→ Task objective
In the data below, one line contains "DELICADO BOUQUET EN" and a later one contains "Семь дней, магазин". Print both, with every line between them, exactly and alone.

→ Source material
[Start of Attachment]

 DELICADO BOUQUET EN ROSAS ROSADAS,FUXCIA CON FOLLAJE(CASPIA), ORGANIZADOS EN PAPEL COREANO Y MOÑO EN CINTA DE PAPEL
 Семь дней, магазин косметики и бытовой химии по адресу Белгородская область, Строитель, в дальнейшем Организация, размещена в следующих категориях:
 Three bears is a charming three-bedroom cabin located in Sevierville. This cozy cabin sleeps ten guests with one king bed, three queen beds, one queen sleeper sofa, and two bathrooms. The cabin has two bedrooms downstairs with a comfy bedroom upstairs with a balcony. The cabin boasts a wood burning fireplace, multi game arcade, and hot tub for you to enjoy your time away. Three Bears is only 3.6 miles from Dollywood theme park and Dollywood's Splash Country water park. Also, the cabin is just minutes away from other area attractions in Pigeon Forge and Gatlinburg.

[End of Attachment]
[Start of Attachment]

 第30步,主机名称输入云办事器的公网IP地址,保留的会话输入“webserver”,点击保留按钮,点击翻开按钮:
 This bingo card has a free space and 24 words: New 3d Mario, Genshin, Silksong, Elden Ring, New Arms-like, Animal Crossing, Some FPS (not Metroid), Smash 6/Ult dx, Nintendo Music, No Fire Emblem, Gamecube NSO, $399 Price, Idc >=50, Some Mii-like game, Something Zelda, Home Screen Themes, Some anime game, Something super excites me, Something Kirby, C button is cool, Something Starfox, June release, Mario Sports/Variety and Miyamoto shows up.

[End of Attachment]
[Start of Attachment]

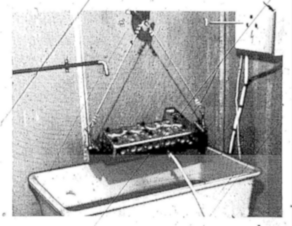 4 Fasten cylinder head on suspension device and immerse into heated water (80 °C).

[End of Attachment]

→ Answer for this exercise
 DELICADO BOUQUET EN ROSAS ROSADAS,FUXCIA CON FOLLAJE(CASPIA), ORGANIZADOS EN PAPEL COREANO Y MOÑO EN CINTA DE PAPEL
 Семь дней, магазин косметики и бытовой химии по адресу Белгородская область, Строитель, в дальнейшем Организация, размещена в следующих категориях:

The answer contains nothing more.